Akron Children’s Hospital’s Tracey Herstich and Julie Tsirambidis have been named the 2012 Pediatric Nurse Practitioners of the Year by the Ohio Chapter of the National Association of Pediatric Nurse Practitioners (NAPNAP).
Herstich is a critical care nurse practitioner in Akron Children’s pediatric intensive care unit.
Tsirambidis provides patient care at Akron Children’s Hospital Pediatrics’ Brecksville office. She also has administrative responsibilities at the hospital, serving as director of the hospital’s Advanced Practice Center.
“With this award we wanted to specifically recognize Tracey’s and Julie’s work through Akron Children’s Global Health Center in creating the first pediatric nurse practitioner program in Haiti,” said Stephanie Smith, awards chair for the Ohio chapter of NAPNAP. “Their vision for this program and compassion for the children of Haiti is truly a wonderful example for all.”
Herstich and Tsirambidis, who will be honored at a luncheon on Oct. 19 in Columbus, said they are “humbled” by the honor, and hope it promotes better recognition for their profession.
Nurse practitioners are registered nurses with master’s degrees and board certification in a specialty, such as pediatrics. They can perform physical exams, order medical tests, write prescriptions, treat common illnesses and manage chronic diseases. They maintain a close working relationship with physicians and consult them as needed.
“Nurse practitioners are on the front lines of health care delivery and how it is changing to improve access to care,” said Tsirambidis.
Herstich added that she believes she and Tsirambidis, together, are a good example of the excellent career opportunities in advanced practice nursing.
“I enjoy the pace of critical care and Julie enjoys primary care,” she said. “We have also had the opportunity to get involved in research and Julie, in her role with our Advanced Practice Center, joins physicians on the hospital’s medical staff.
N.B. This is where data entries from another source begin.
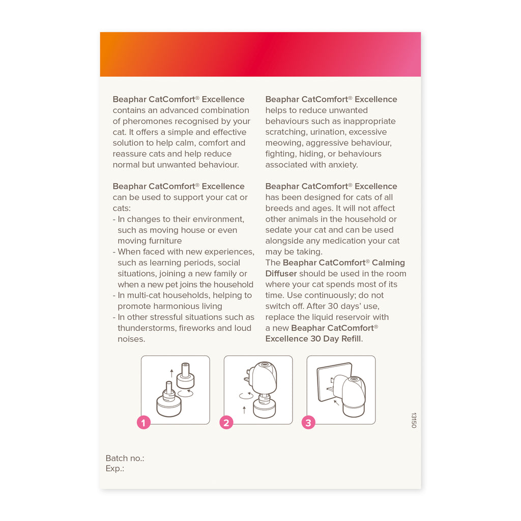 Remove the cap from the refill and screw it into the diffuser unit. Plug the diffuser into a power socket in the room your cat frequents most. Leave the diffuser switched on continuously for best results. Replace the refill every 30 days as needed.
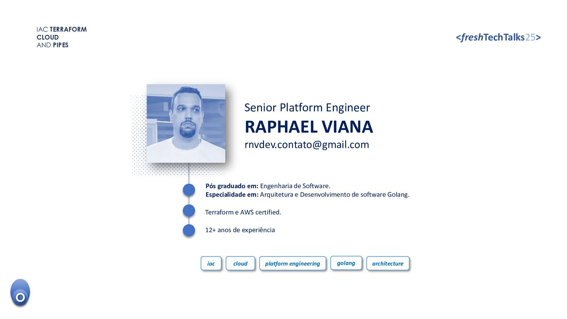 VIANA [email protected] iac cloud platform engineering golang Pós graduado em: Engenharia de Software. Especialidade em: Arquitetura e Desenvolvimento de software Golang. Terraform e AWS certified. 12+ anos de experiência architecture O
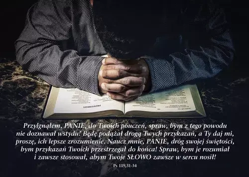 Tekst na kartce: Przylgnąłem, Panie, do Twoich pouczeń, spraw, bym z tego powodu nie doznał wstydu! Będę podążał drogą Twych przykazań, a Ty daj mi, proszę, ich lepsze zrozumienie. Naucz mnie, Panie, dróg swojej świętości, bym przykazań Twoich przestrzegał do końca! Spraw, bym je rozumiał i zawsze stosował, abym Twoje Słowo zawsze w sercu nosił! (Ps 119,31-34)
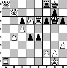 game notation in PGN-format [Event "unter uns Nr. 49 (Covid 19)"] [Site "www.myChess.de"] [Date "2021.02.05"] [Round "1"] [White "boeserWatz"] [Black "gunni50"] [ECO "C44"] [WhitemyELO "1280"] [BlackmyELO "1277"] [Result "1-0"] [TimeControl "10/864000"] [WhiteDays "48"] [BlackDays "33"] [MyChessNo "121017"] 1. e4 e5 2. Nf3 Nc6 3. b3 Nf6 4. d3 Bc5 5. h3 O-O 6. Be2 b6 7. O-O d5 8. Bg5 Be7 9. Bxf6 Bxf6 10. Nc3 d4 11. Nd5 Be6 12. Nxf6+ Qxf6 13. Qd2 a5 14. c3 a4 15. b4 b5 16. c4 bxc4 17. dxc4 Rab8 18. a3 Rfd8 19. Qd3 Na7 20. c5 Nb5 21. Bd1 Bd7 22. Bxa4 Nc3 23. Bxd7 Rxd7 24. Nd2 c6 25. Nc4 Re8 26. Nb6 Rde7 27. a4 Qg6 28. a5 Nxe4 29. a6 Ra7 30. Qf3 Nd2 31. Qe2 Nxf1 32. Qxf1 e4 33. Nc4 h6 34. Nd6 Re6 35. Nc8 Ra8 36. Nb6 Ra7 37. Nc8 Ra8 38. Nd6 Rd8 39. a7 Ra8 40. Qa6 f6 41. Qb7 Rf8 42. a8=Q 1-0 position notation in FEN-format Q4rk1/1Q4p1/2pNrpqp/2P5/1P1pp3/7P/5PP1/R5K1 - - - 0 42 Captured white pieces: Captured black pieces: Click on a captured piece in order to display the desired move!

Of course, we also balance our busy professional lives with our roles as wives and mothers of young children.”
Herstich and Tsirambidis traveled to Haiti with other members of Akron Children’s medical staff in October 2011 to provide care at St. Damien’s Hospital, a children’s hospital, near Port Au Prince.
The goal of the trip was to lay the foundation for a program to train and educate Haitian nurses who wish to earn master’s degrees and become nurse practitioners. The biggest obstacle is financial – securing the funding to pay for about ten nurses to take time away from their daily work schedules – so they can afford to dedicate time to their continuing education.
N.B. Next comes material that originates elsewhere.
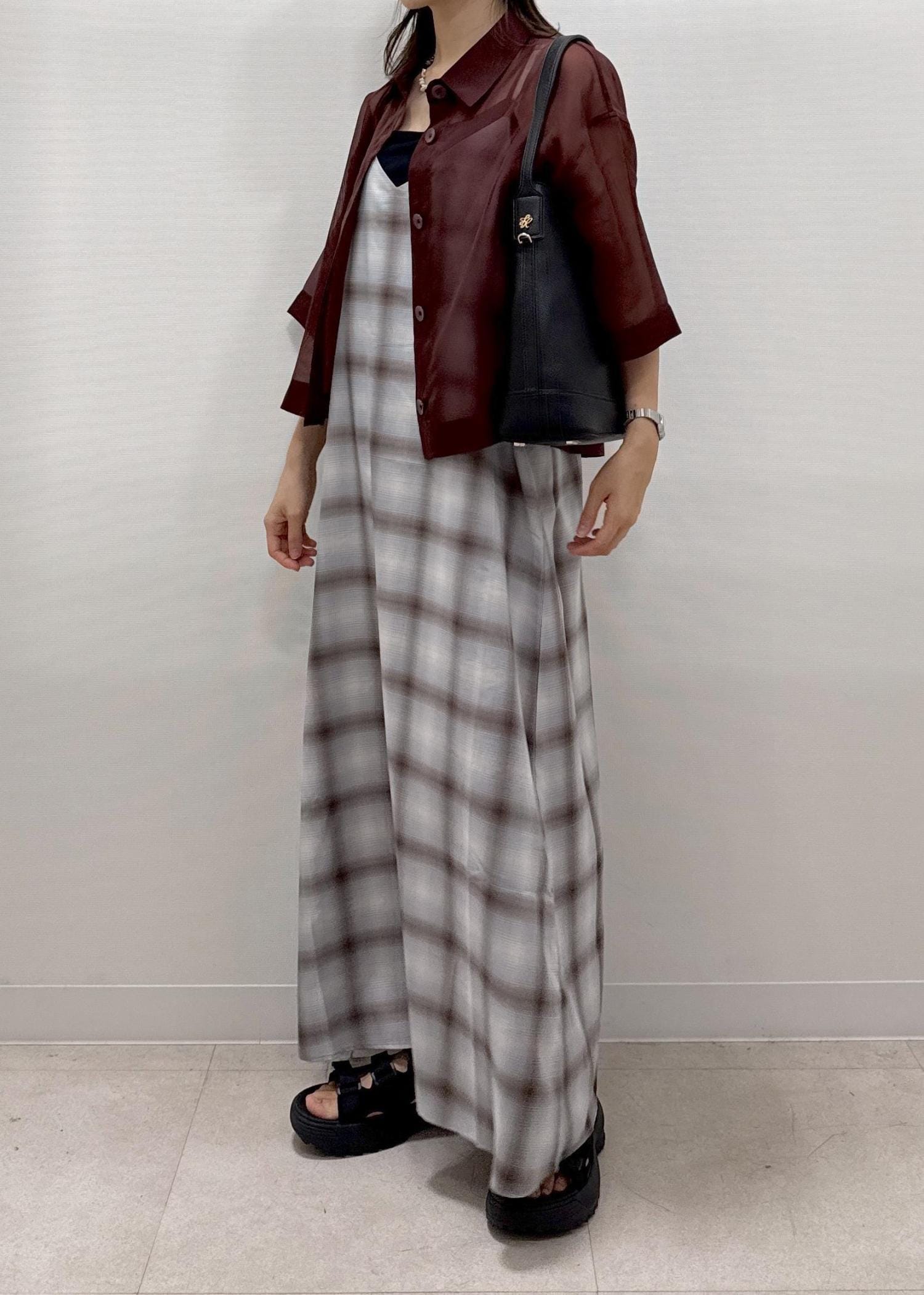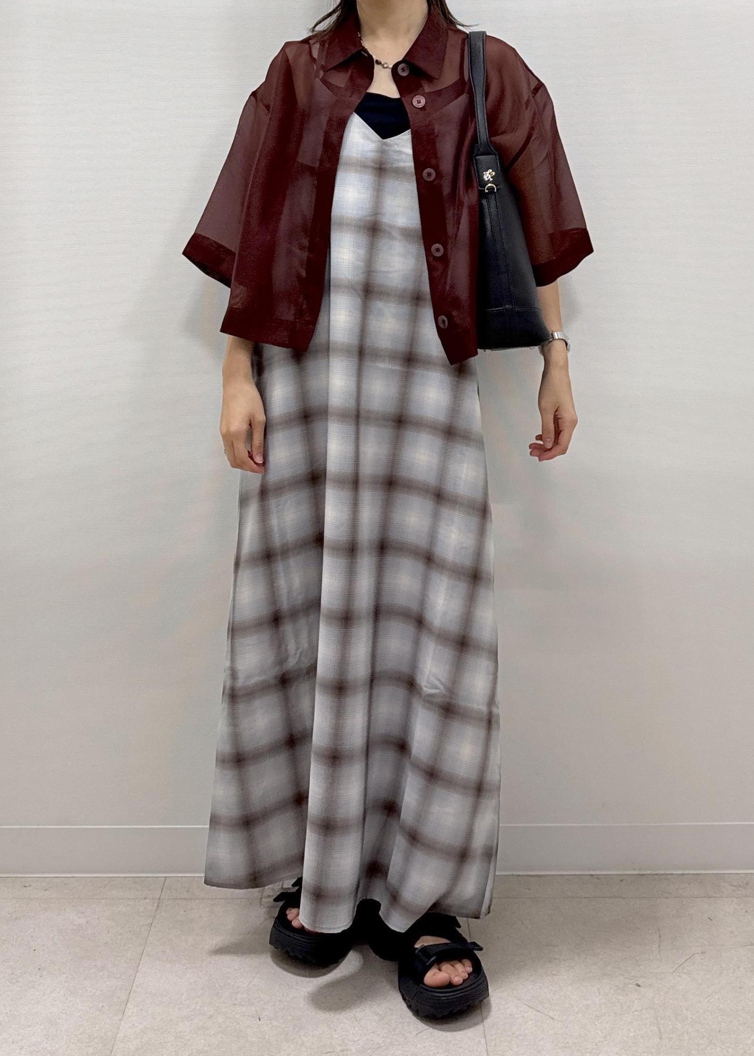 キャミワンピースにシャツを羽織ったカジュアルコーデ

Once that obstacle is overcome, having a steady supply of newly-trained nurse practitioners will go a long way to improving access to care in a country that currently only has one pediatric health care provider for every 100,000 children.
Herstich and Tsirambidis plan a second trip to Haiti in November.
Herstich resides in Green and Tsirambidis is a resident of Broadview Heights. Tsirambidis is accepting new patients at the Akron Children’s Brecksville office.